The panel contained predominantly small-seeded Mesoamerican genotypes (70.2%). These accessions (85) consisted of navy (57), black (12), pinto (9), small red (4), and great northern (1) market classes. In addition, there were 34 large-seeded Andean accessions, mainly from cranberry (10), dark red kidney (8), light-red kidney (5), white kidney (3), and yellow (3) market classes. Based on the seed phenotype, nine genotypes did not belong to any of the bean market classes typically grown in North America. Two genotypes were from the Bat93 (Mesoamerican) x Jalo EEP558 (Andean) cross (Supplementary Table S1, Supplementary Figure S1).

2.2 Phenotyping

2.2.1 Field evaluation

The AYD_AM panel was evaluated for yield and a number of yield-related traits at the University of Guelph, Elora [ERS; 43°39′N, 80°25′W; 2,680 crop heat units (CPU) (Brown, 1993), London loam soil] and Woodstock, Ontario (WRS; 43°08′N, 80°46′W; 2,890 CHU, Guelph loam soil [Voisey, 1971]) research stations in 2015 and 2016. In both years, the previous crop was alfalfa at the ERS. At the WRS, the first year planting followed winter wheat and the second year (2016) planting followed corn.

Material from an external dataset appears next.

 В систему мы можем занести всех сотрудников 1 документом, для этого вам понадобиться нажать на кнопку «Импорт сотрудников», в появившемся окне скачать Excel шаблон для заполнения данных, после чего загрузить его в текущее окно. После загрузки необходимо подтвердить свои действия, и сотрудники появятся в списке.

The 121 entry trials were conducted using a square (11 × 11) lattice design with four replications. The entries were planted in four-row plots with a distance of 0.50 m between plots. The rows were 1.9 m long and spaced 0.36 m apart. The experiments were machine-planted on 28 May 2015 at the WRS and on 22 June 2015 at the ERS. The plots were combine-harvested on 24 September 2015 at the WRS and on 26 October 2015 at the ERS. In 2016, the experiments were machine-planted on 27 May 2016 at the WRS and on 3 June 2016 at the ERS. The plots were combine-harvested on 14 September 2016 at the WRS and on 4 October 2016 at the ERS. Standardized cultural practices were performed in all trials as needed.

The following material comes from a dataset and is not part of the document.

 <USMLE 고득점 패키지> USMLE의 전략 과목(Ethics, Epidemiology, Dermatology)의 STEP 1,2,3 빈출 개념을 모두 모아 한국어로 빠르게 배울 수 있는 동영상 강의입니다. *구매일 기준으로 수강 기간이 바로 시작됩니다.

2.2.1.1 Conventional in-field data collection

Flowering (days to flowering, DF) was measured as the number of days from planting to 50% of the plants in the plot with at least one flower fully opened. Maturity (days to maturity, DM) was calculated as the number of days from planting to 95% of the plants in the plot at physiological maturity. Plant height (PH) in centimeter was determined after flowering as the height of the plant from the soil surface to the tip of the main stem. Seed weight (SW) was measured as the weight of 100 randomly selected threshed seeds (g) and adjusted to 18% moisture content. Yield (YD) was determined as the seed weight measured for each plot in kg ha^-1 and adjusted to 18% moisture content. Harvestability (HR) was determined as the standability of plants in a plot at maturity (in 2016 only) using a scale of 1–5 (1, erect plants suitable for machine harvesting; 5, prostrate plants not suitable for combine harvesting).

2.2.1.2 Derived traits

The reproductive period (RP, days) was calculated as the difference between days to maturity and days to flowering (RP = DM–DF; Scully and Wallace, 1990; Orf et al., 1999). The seed growth rate (SGR) was estimated as the ratio between the measured yield and derived reproductive period (SGR = YD/RP) and expressed in kg ha^-1 day^-1 (Scully and Wallace, 1990). Yield gain per day (YGD) was estimated as the ratio between yield and maturity (YGD = YD/DM) and expressed in kg day^-1 ha^-1 (Scully and Wallace, 1990). Yield per unit of height (YDH) was calculated as the yield-to-height ratio (YDH = YD/HT) and expressed in kg ha^-1 cm^-1 (Orf et al., 1999). High YDH values are obtained from short plants with high yields. Seed number (SN) was estimated as the yield-to-seed weight ratio (SN = YD/SW) and expressed as seed number x 10⁶ seeds ha^-1 (Orf et al., 1999). Yield per unit of harvestability was calculated as yield divided by harvestability score (YDHR = YD/HR) and expressed in kg ha^-1. High YDHR values are obtained from plants with high yields and suitable for combine harvesting (low harvestability scores).

2.2.1.3 CBB inoculation and rating

Plants were grown in the CBB nursery at the Agriculture and Agri-Food Canada Research and Development Centre in Harrow, Ontario, in 2015 and 2016. Entries were planted following a lattice design, with two replications, into hill plots, which contained seven plants. The bacterial inoculum was prepared with two strains of X. campestris pv. phaseoli (strains 18 and 98) and two strains of X. fuscans subsp. fuscans (strains 12 and 118), following a modified protocol outlined in Yu et al. (2000a). Inoculation was performed twice, five and again six weeks after after planting. Plots were inoculated with a bacterial culture suspended in deionized water using a high-pressure sprayer which injures the leaf canopy as it sprays the plant with the inoculum, thus allowing for bacterial infection of the leaf tissue. The sprayer was pulled at a rate of 3 km h^-1, and the inoculum was sprayed at a pressure of 200 psi. The plots were irrigated twice a week from the point of first inoculation until rating to maintain high humidity and promote bacterial growth.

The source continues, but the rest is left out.